On March 14, reactor 3 suffers a hydrogen explosion with similar consequences. These two detonations cause extensive damage to the coolant feeds and ventilation systems of reactor 2, severely limiting how much water can be pumped into it. It is now considered the worst-off reactor out of all three. Monitoring and sensor systems around the plant are starting to lose efficiency due to the mounting structural damage and increasingly degraded condition of the reactor cores.
I’ll leave you on this cliffhanger here. There were a lot of things going on at this time — I do strongly recommend you go read about the monumental efforts made at Fukushima, it’s a thrilling story — but it stops being very relevant to ‘reactors’ around this point.
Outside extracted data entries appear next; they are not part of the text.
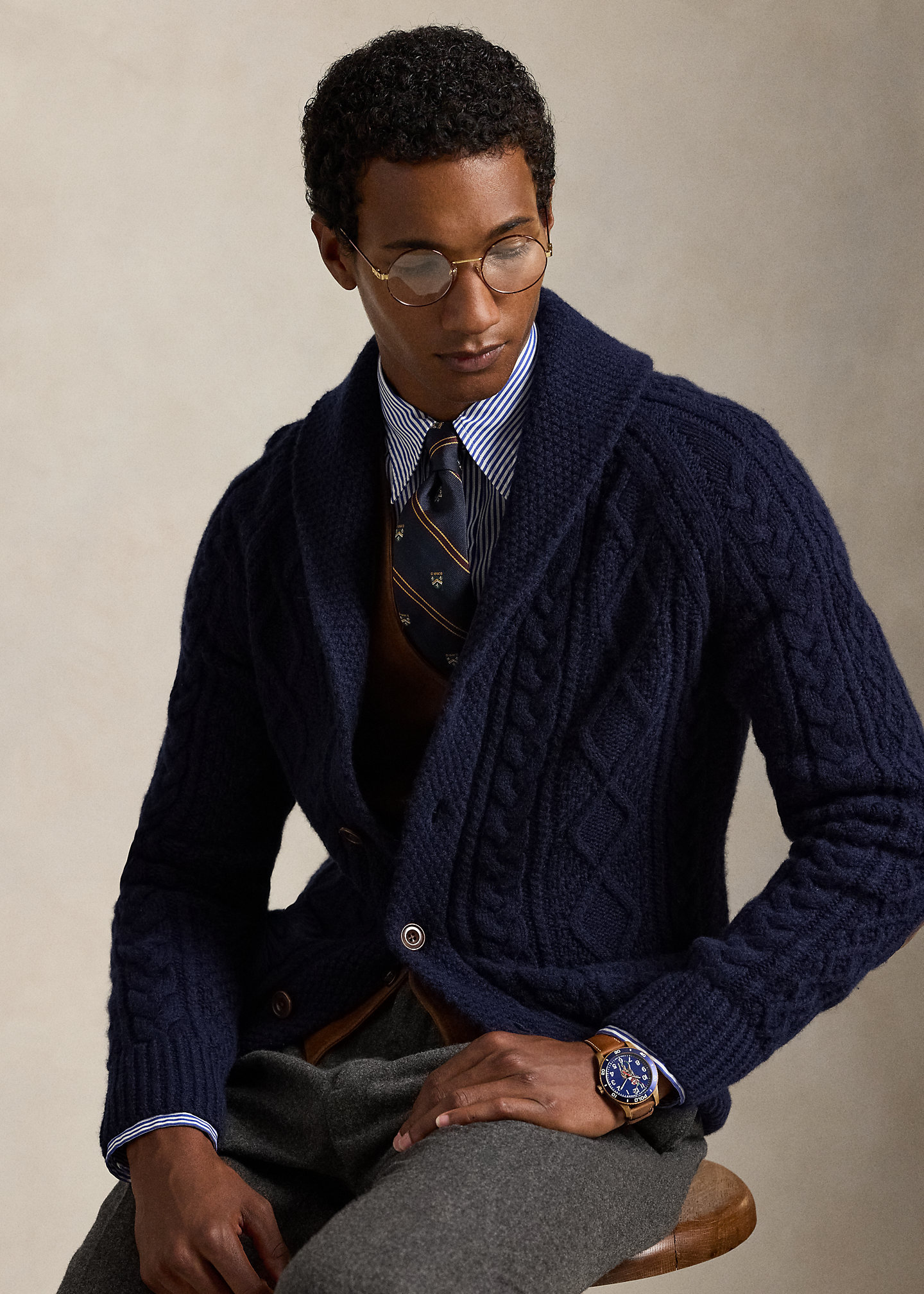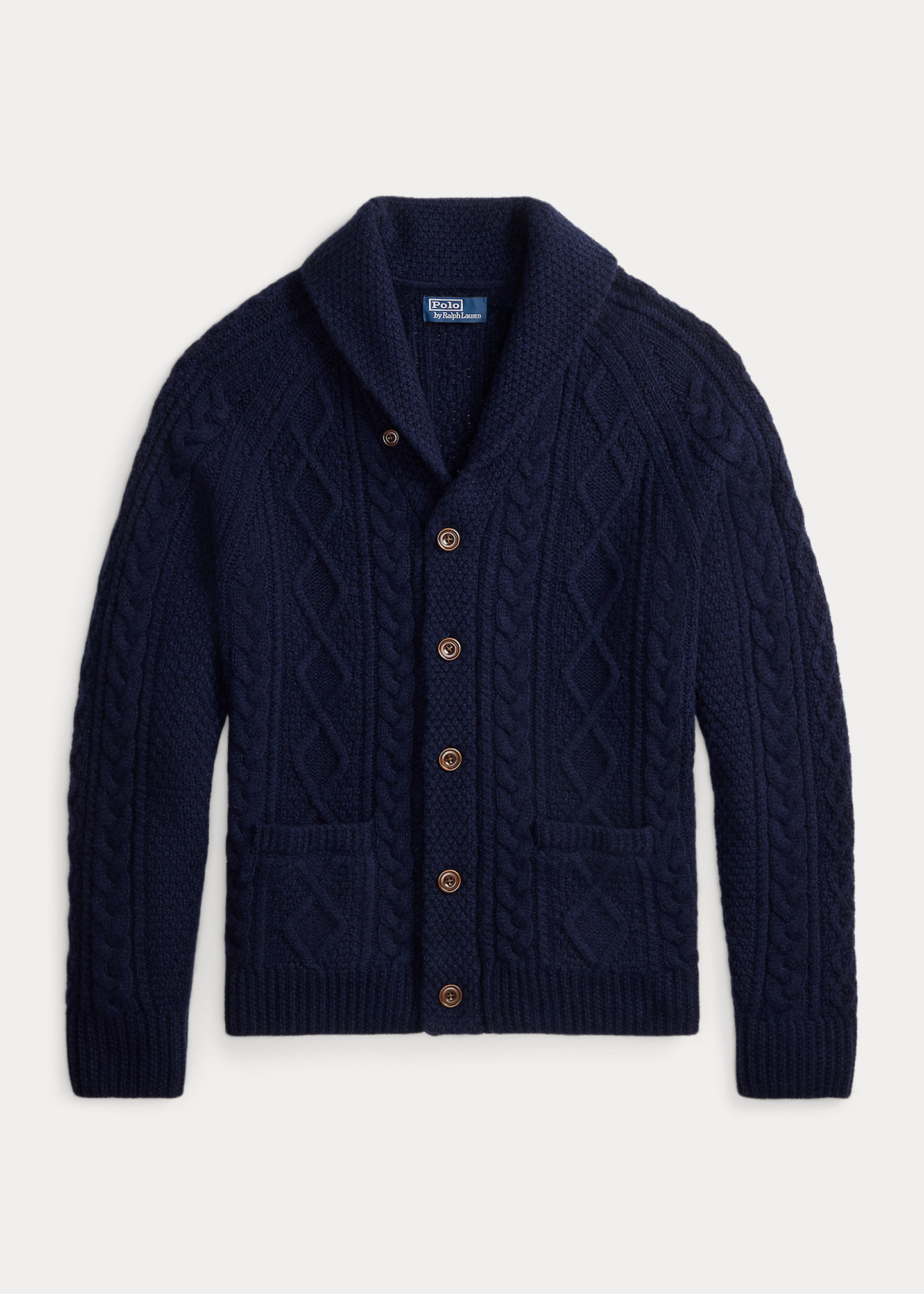 - Shawl collar with a two-button detail at the right side. Five-button placket. Corozo buttons.
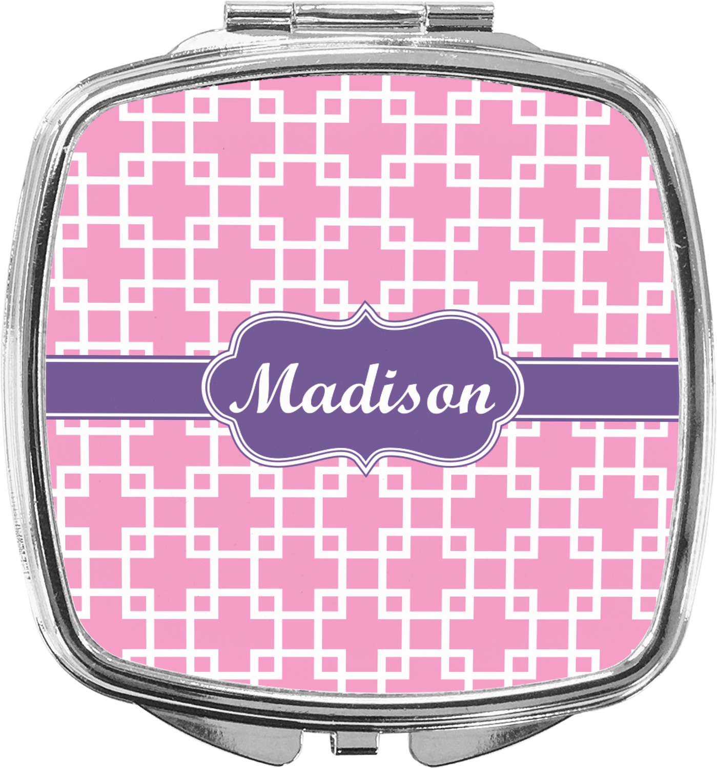 We offer many prints and patterns and many of our patterns are available in 45 different colors. You can personalized the compact mirrors with a name, a monogram or just an initial. We offer several different label, ribbon and font choices. Our customization system lets you create your very own custom & unique product and it lets you preview it before you purchase.
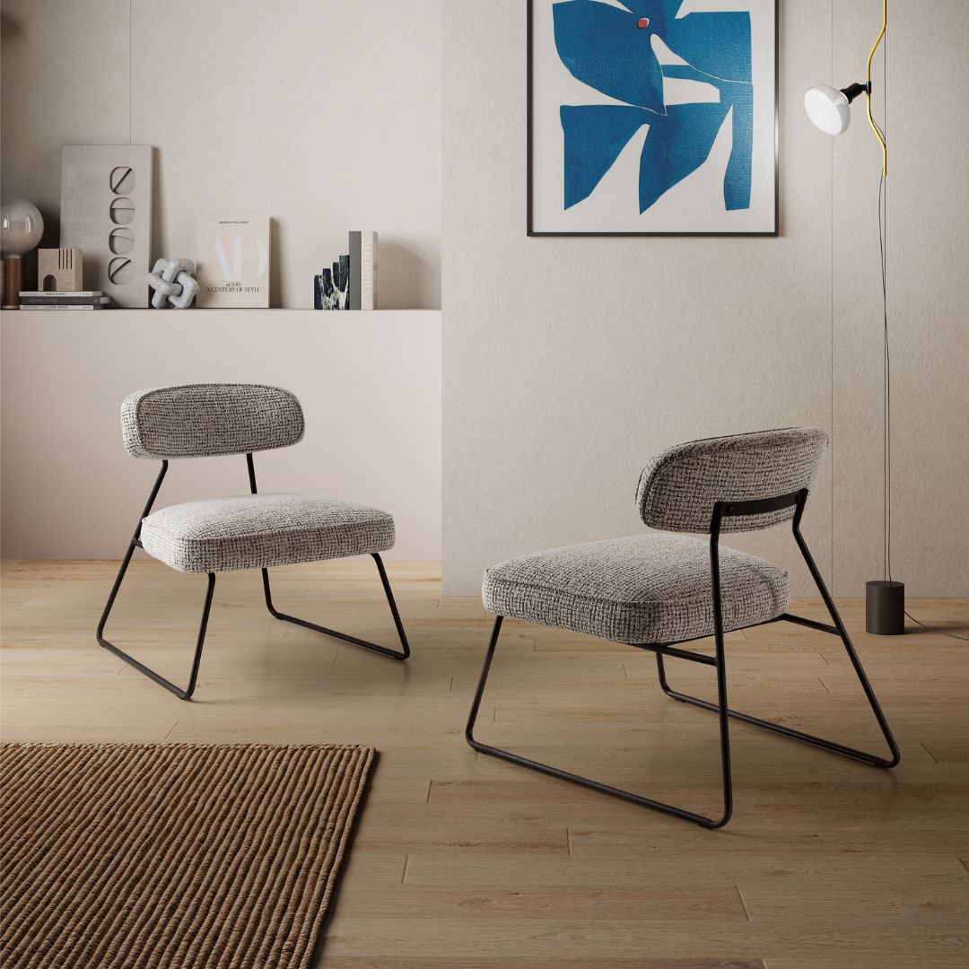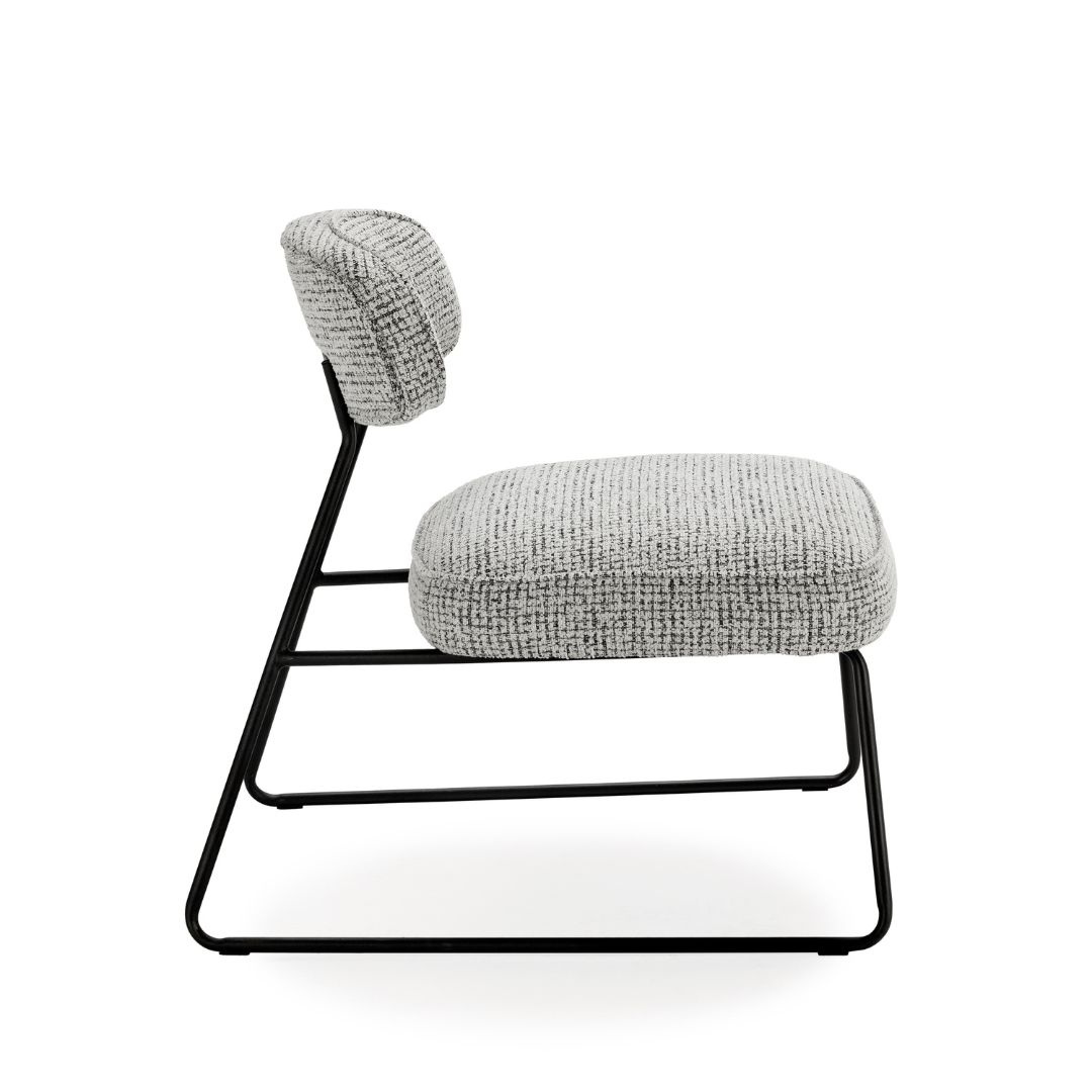 El contraste entre el tapizado en tono claro y la estructura metálica negra aporta personalidad y elegancia, haciendo que esta silla sea tanto funcional como decorativa. Su asiento amplio y acolchado ofrece un confort excelente, ideal para largas conversaciones, lectura o momentos de relax.
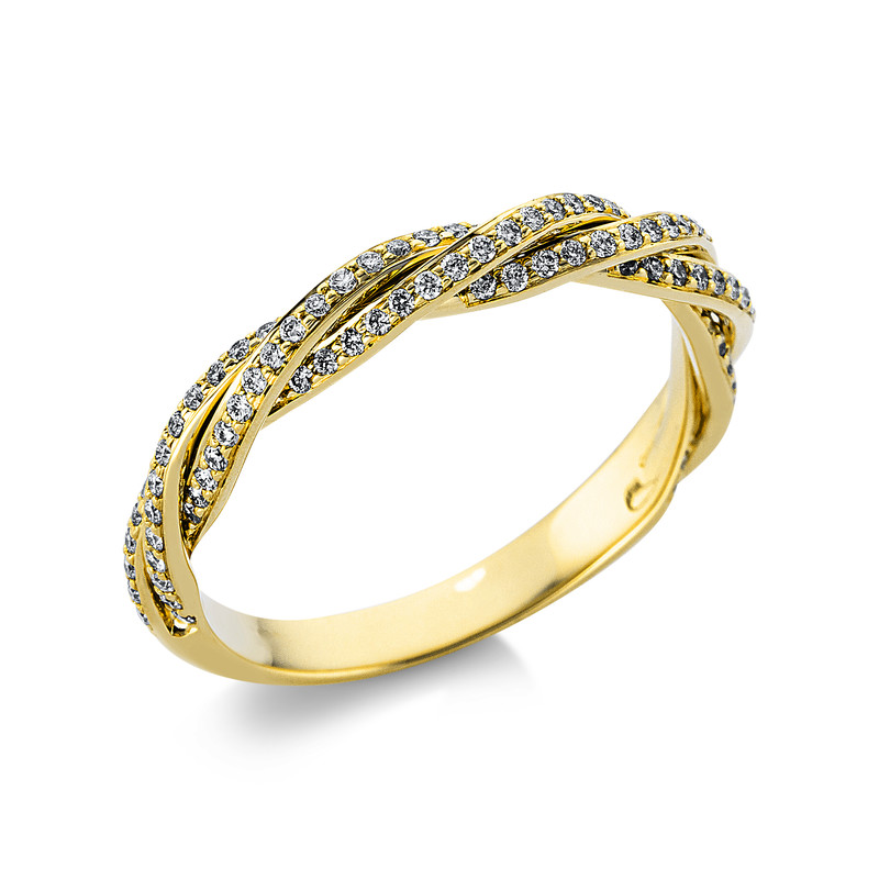 ring 18 kt YG, 101 diamonds 0,29 ct, G-si, w:3,2 mm, width:54
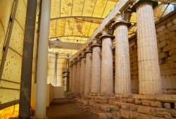 Arcadia Sights - The Temple of Apollo Epicurius in Arcadia, Peloponnese is a renowned sanctuary dedicated to the gods of healing and the sun, constructed during the 5th century B.C. in the secluded heights of the Arcadian mountains. This columned temple boasts the oldest Corinthian capital ever discovered and merges the archaic style with the tranquility of the doric style, along with some audacious architectural features.
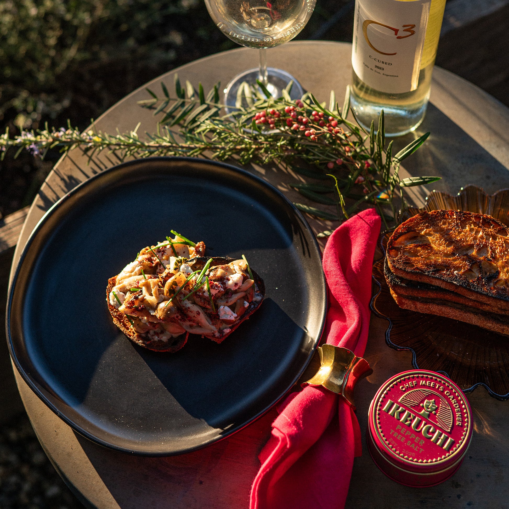 Add our Pepper Tree Salt to your oyster mignonette. A mignonette is traditionally made with brunoised (small diced) shallots macerated in champagne vinegar and finished with a crack of black pepper.
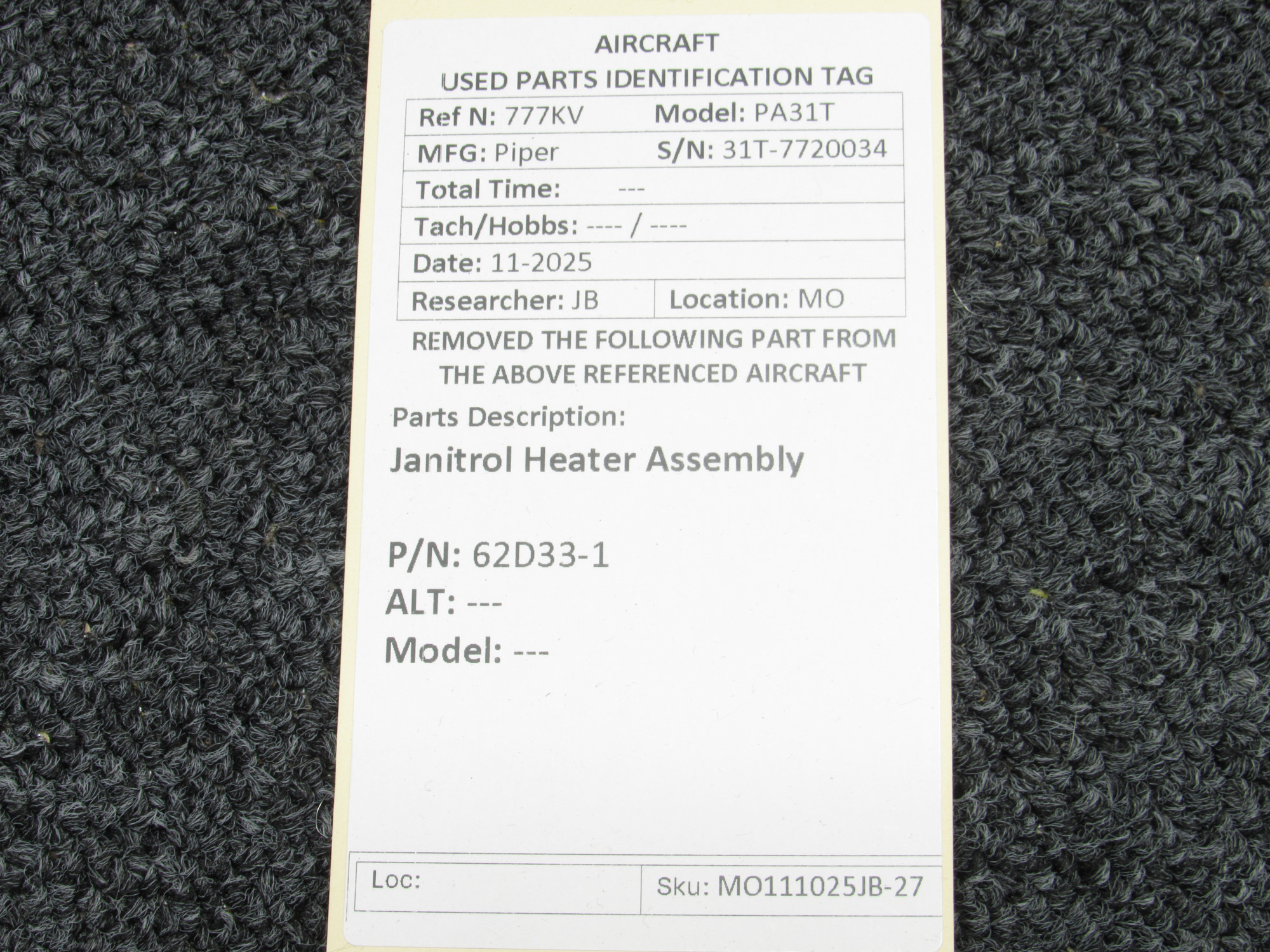 Unless specifically noted, most of our used airplane parts are sold in the condition they were removed, which means you should expect the usual signs of wear and tear.
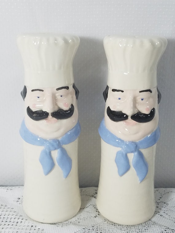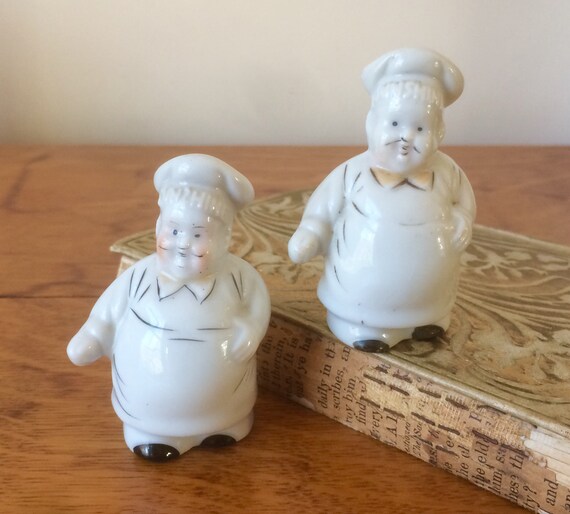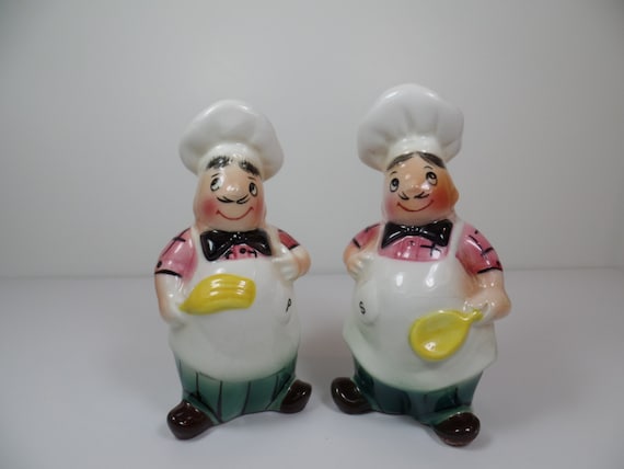 Salt Pepper Shaker Set Chef Men Ceramic Vintage Etsy
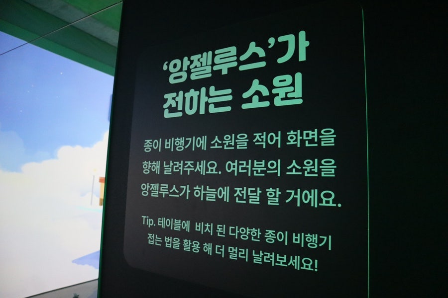 행운의 광이라는 포토존이 특히 인상적이었지만, 저만 그랬나 봅니다. 아이들은 이 공간보다는  소원 종이비행기 체험 공간을 더 좋아했어요. 소원을 적는 것부터 비행기를 접고 날리는 과정이 마냥 신기하고 재미있어하는 이곳에서 특히, 저희 신랑이 더 적극적으로 열심히 참여했답니다.  무슨 소원을 적었는지는 몰라도 아직까지도 비밀이라며 이야기를 안 하더라고요.
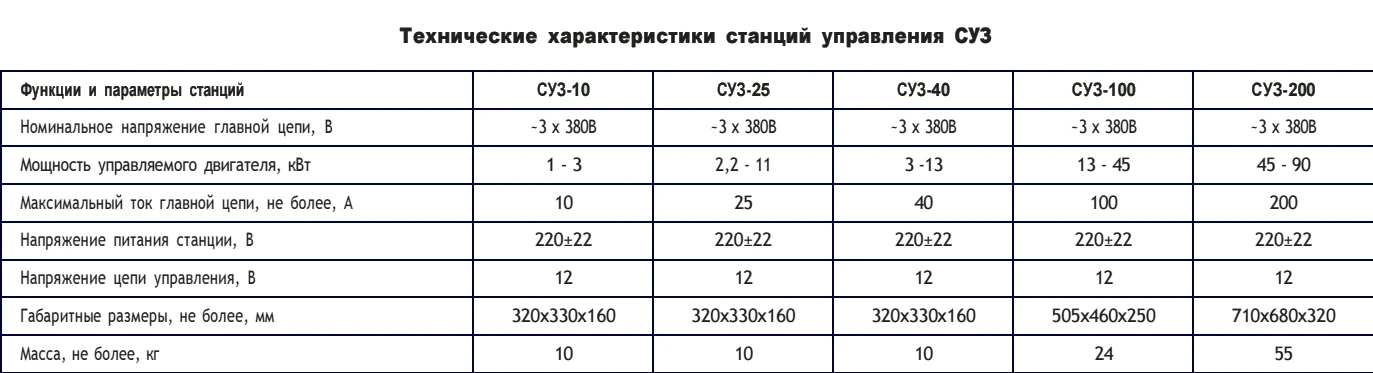 Станция СУЗ предназначена для управления трехфазными асинхронными электродвигателями погружных насосов и защиты их от перегрузок по току, короткого замыкания, неполнофазного режима работы и «сухого» хода.

Despite these hydrogen explosions and wide-scale radiation contamination of the surrounding area, Fukushima’s core did not explode. Hydrogen explosions are caused by pressure and chemical reactions between super-hot hydrogen in a reactor’s steam and oxygen in the air.
Not a toy, but we’re not playing
Discussions around nuclear fuel invariably pivot to their associated risks, and this is a valid criticism. I’ve listed these two examples here to showcase that we actually do learn from our mistakes. Even if we make new ones, the lessons we’ve had and a bit of luck can help us keep risks contained in the future.
But those risks will never really be zero. The thing that makes nuclear power so dangerous is exactly why it has so much potential — it is incredibly powerful. In every nuclear reactor, engineers are playing a game of cat and mouse with the fundamental forces of reality. What we have to decide, going forward, is whether the risks are worth the payoffs. That being said, there might be a time when only nuclear power can deliver enough energy to feed our ever-growing needs; but we’re not there yet.